Time off the clock with sustained drives is more valuable to this team right now than points are because it ensures that arguably the best Michigan defense in 20 years stays fresh and does not lose an edge. Could that come back to haunt them at some point? Maybe. But when the defense is playing the way it is, it may not matter if they score 13 points or 80 points.

This team and their players have taken on the identity of their head coach as a group that uses perceived slights against them as fuel and keeps all of the receipts. That’s why you see the stomping of the Spartan logo, the celebration on the field, the mocking of touchdown celebrations. As Chase Winovich said, this team has been bullied and wants its lunch money back, with interest paid.

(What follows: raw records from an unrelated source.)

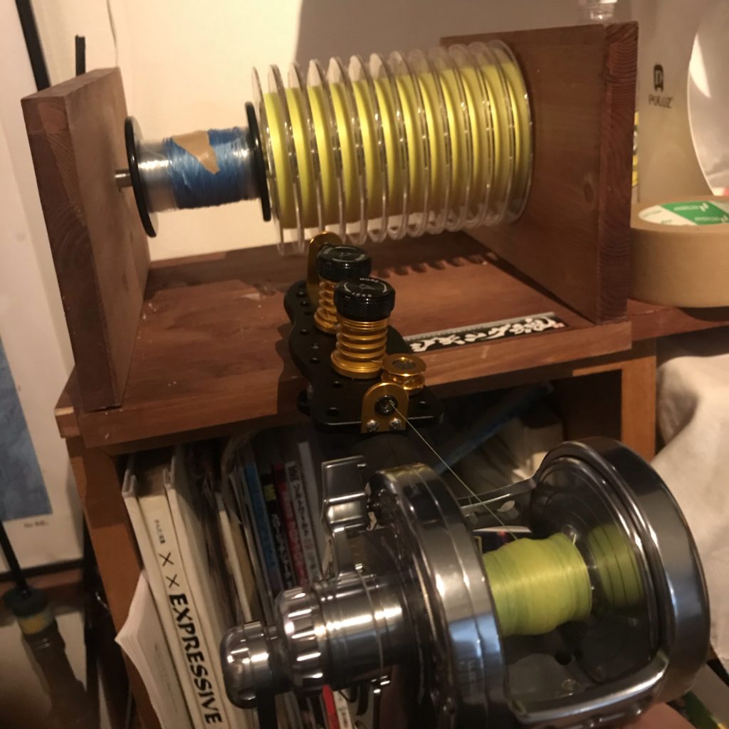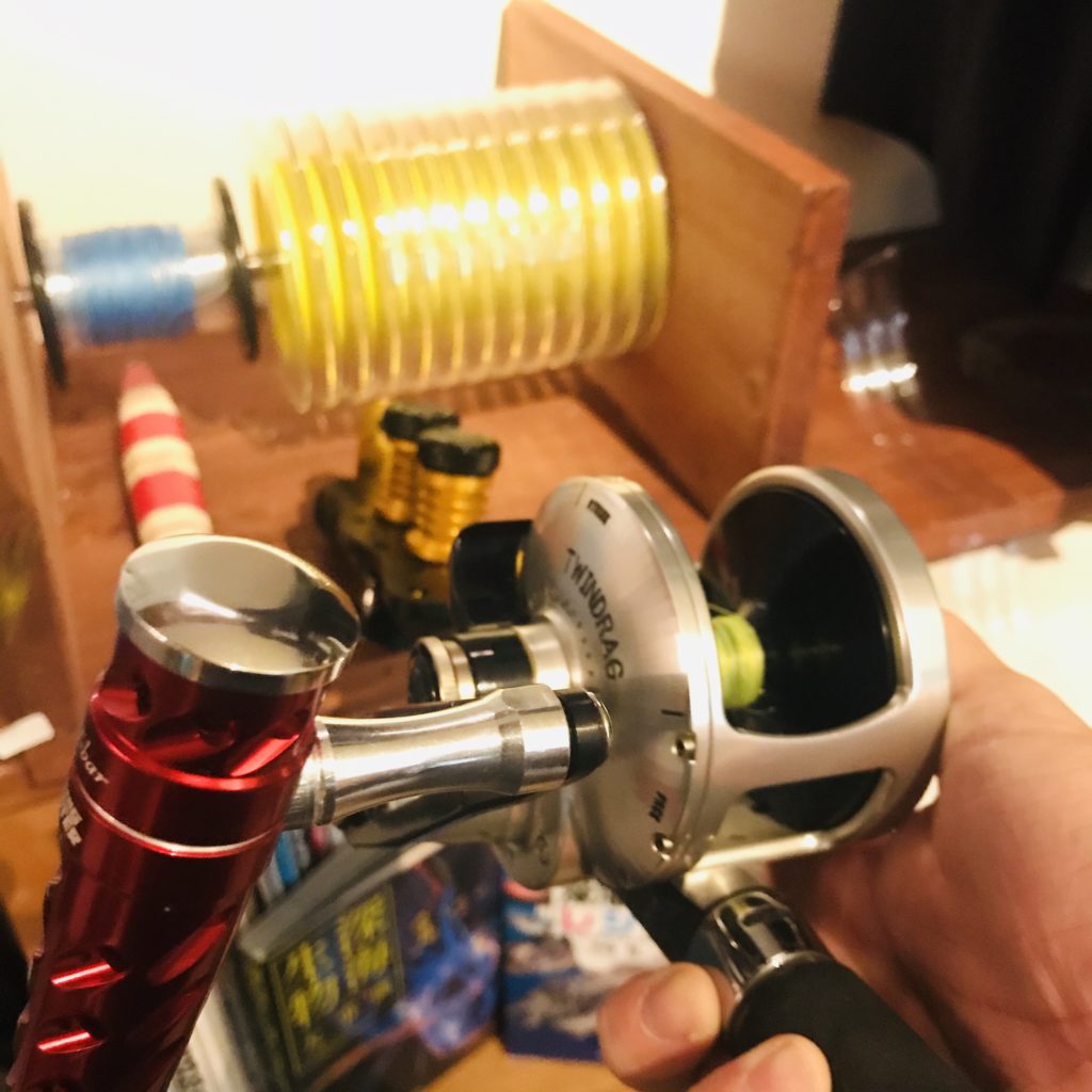 先日のセットジグに1200mスプールをセットして深海イメトレスタートです。
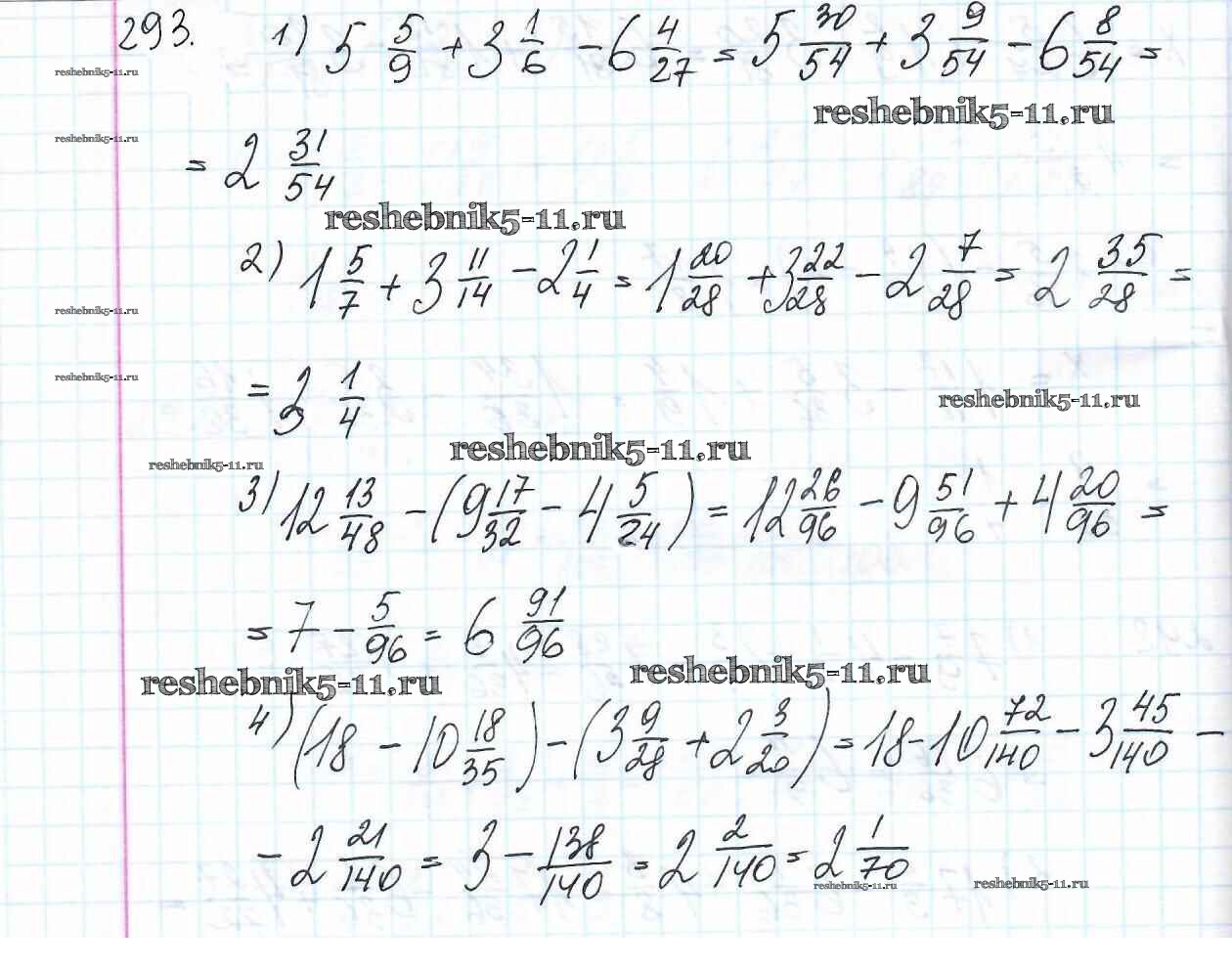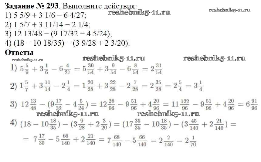 Готовая домашняя работа с ответами по Математике за 6 класс Мерзляк, Полонский, Якир Учебник Алгоритм успеха Вентана-граф 2016 ФГОС - Глава 2. Обыкновенные дроби (упражнения) 293
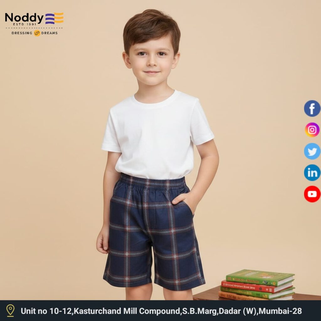 Elevate your child’s wardrobe with our 100% breathable cotton boys’ shorts. Thoughtfully designed for active lifestyles, these shorts from Noddy’s Fresh Threads collection combine premium materials with expert craftsmanship. The soft elasticated waistband provides a snug yet comfortable fit, ensuring flexibility for every jump, run, or climb your little one embarks on.
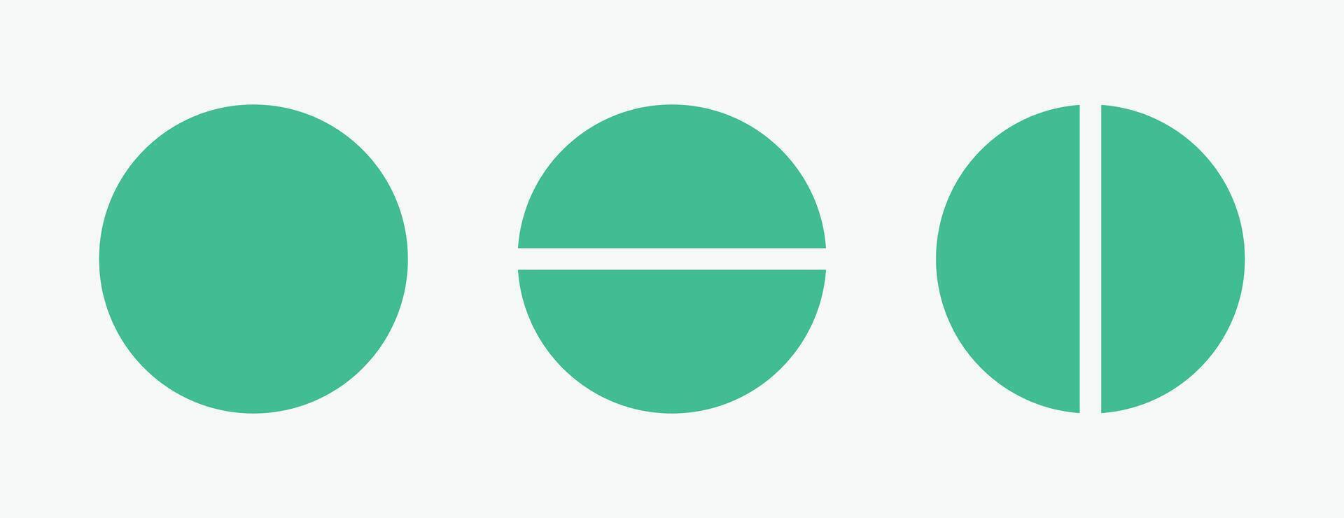 Set of two parts of circle. Pie chart with two same size sectors. Pro Vector
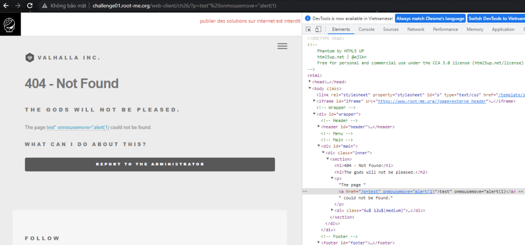 Ý tưởng là mình sẽ truyền thêm một thuộc tính vào thẻ này và dẫn đến host của mình, ở đây mình dùng onmousemove khi trỏ chuột vào thì nó sẽ chạy đoạn js bên trong. Ban đầu mình thử

The offensive line has gone from one of the worst among Power 5 schools into one of the nation’s most stout with the arrow continuing to point upward. Warriner deserves every cent and quite frankly, a blank check from Michigan when the time comes.

They can run the ball to close out games. Their defense gets better as the game goes on. They’ve got a quarterback with big-play ability that has been smart and efficient all season long. They’re young wide receivers are getting separation and are able to make big plays down the field. All of the ingredients are there and are coming together truly for the first time under Harbaugh, who after a few seasons with major question marks is pulling all of the right strings and has seen his full vision for his brand of football being realized for the first time in Ann Arbor.

It was always going to take time and year four was always going to be the make-or-break year that told you what Michigan was going to be. The development timeline accelerated when they won a lot more than they were expected to in that first season and then how 2016 began. They absolutely blew it and had nobody to blame for themselves as to how 2016 ended, but then all of the talent from that team went to the NFL. Any objective fan could have told you that 2017 was going to be a transitional year that set the table for 2018, but the hot take crowd and overly-emotional didn’t want to hear it.

Like Veruca Salt, they didn’t care how, they wanted it now.

There’s a lot of work to be done and now the Revenge Tour subsides for a few weeks. Games against Rutgers and Indiana should serve as their version of small club shows that bands play to work out the kinks to prepare for the bigger gigs. Ohio State is vulnerable and is bleeding right now and Michigan has to go to Columbus and get it done. With this team’s long memory, do not expect a tentative or scared team to go into that building in the last week of November. Everything is right in front of them.

Michigan State beating OSU this upcoming weekend would essentially lock down the East title for the Wolverines, which would be another feather in the cap and another narrative checked off the list. But at this point, not beating Ohio State would be a massive disappointment, perhaps even moreso than 2016.

Hell, you may not only have a chance to beat them. You may have a chance to break them.